Do not be afraid to make changes when you have the wrong person. If you let a “bad egg” (wrong employee) stay around it will begin to smell and destroy the rest of the eggs (employees). My solution is to either reposition those “bad eggs” within the company where they can be successful or free them to work for another company where they can be happy and successful. You have to be fair and hold everybody to the same accountability standards.

Select good leaders, set the direction, let them go do the work, and hold them accountable. Spend time with them so they know what the company is all about. Set clear expectations. We establish and agree on the strategies and then give the leaders a lot of freedom to win or fail depending on the solutions. But as they fail they know we will support them with gentle (generally) guidance. We develop our plans and plans of action so that we have measurement and accountability. We then can talk about it when plans are off.

Come up with solutions and do not to look to your boss to be the “grand wizard” of knowledge. I encourage my leaders, direct reports and others to think for themselves. Come up with solutions for problems they have. I am always willing to counsel but they know the situation more than I do. I expect my leaders to do the same with their staff. Listening; not telling them what to do; encouraging them to discover the solutions. New ideas and solutions are best done by people closest to the problem.

It is tough to get “unfiltered and honest” feedback from direct-reports or other leaders. It’s hard to overcome the fear factor. It takes a lot of time and effort of listening and spending quality time with your people. We encourage communication, with listening being a big part of our success. I would love to be an “undercover boss” so that I could really understand what our employees feel about the company.

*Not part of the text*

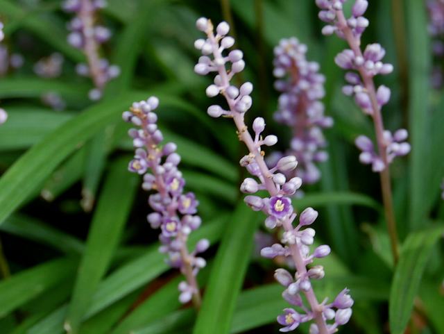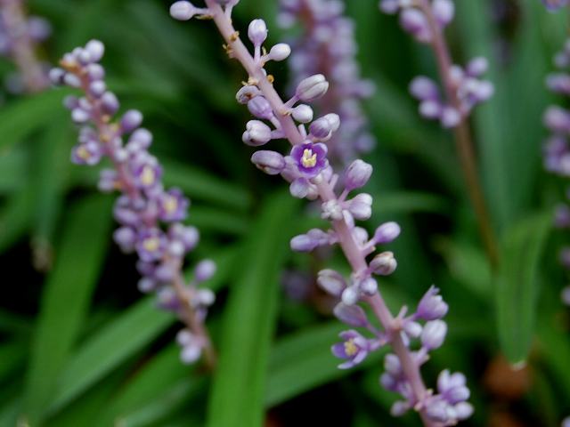 薮蘭(ヤブラン) 秋の花 2016年10月20日 薮蘭(ヤブラン)はユリ科ヤブラン属(リリオペ属)の多年草である。分類体系によっては(APG第3版)クサスギカズラ科とされる。リリオペ属は東アジアや東南アジアに8種が分布する。日本にも本種などが分布し、属名の和名をヤブラン属という。本種は本州の関東地方から沖縄にかけて分布し、林の中に生える。海外では、朝鮮半島、台湾、中国に分布する。和名の由来は、葉の形が春蘭(シュンラン)に似ていて薮に生えることからきている。その名は既に平安時代の文献(深根輔仁編纂「本草和名」901-923年, など)に著されている。また、「やますげ」の名で万葉集にも詠まれているものは本種ではないかとの説がある。ただし、牧野富太郎さんはこの説を否定している。草丈は30センチから50センチくらいである。葉は根際から生え、線形で艶がある。開花時期は8月から10月である。茎先に総状花序(柄のある花が花茎に均等につく)を出し、淡い紫色の小さな花をたくさんつける。花被片は6枚で、丸い釣鐘形をしている。花の後には液果状の種子ができ、黒紫色に熟する。花言葉は「隠された心」である。10月6日の誕生花である。属名の Liriope はギリシャ神話に登場するナルキッソスの母でニンフの「レイリオペ(Leiriope)」の名からきている。種小名の muscari は「麝香の」という意味である。写真は9月に市川市万葉植物園で撮った。学名:Liriope muscari ★雑草と見紛うような葉っぱから 花茎伸ばし薮蘭の咲く☆艶やかな葉で楽しませ藪蘭は 奥ゆかしげな小花を咲かせ花図鑑植物図鑑ミラーサイト|味の麺匠戸田久|おこめの鬼平|フロム蔵王|花の本屋さん|楽天トラベル|PR

Financial performance is easier to track than the soft skills. Having good data systems in place eliminates the need to constantly wonder. Either we are on plan or not. When it comes to the soft skills, it is harder, like “How are our managers managing people? Do they respect their employees or just work them?” We are always monitoring that. Gather the data and it forms the basis for the discussion of accountability. For example, there is a direct correlation between low employee morale and the number of injuries that are reported as well as employee turnover. Often times the low morale is an indication of the lack of clear communication on expectations. My coaching to my leader is, “Let’s find the solutions to the issues before morale goes low. Let’s be close to our staff and respect their concerns. Let’s be clear about our expectations but at the same time give the employee freedom to succeed. Let them have some personal pride in their jobs.”

On training and development… We have a lot of training and development opportunities for employees to participate in if they are willing to put in the extra effort and work. We explain that (back to my young days on the farm) that nothing comes without some hard work.

On annual reviews… We encourage our managers to be active with their staff and not just wait until the annual review to bring up issues or failure to meet expectations. The annual review should have no “surprises” on expectations but is a great opportunity to have two-way dialogue on future career path expectation and opportunity.

On recognizing and rewarding high-performance… Do more to celebrate the “wins”.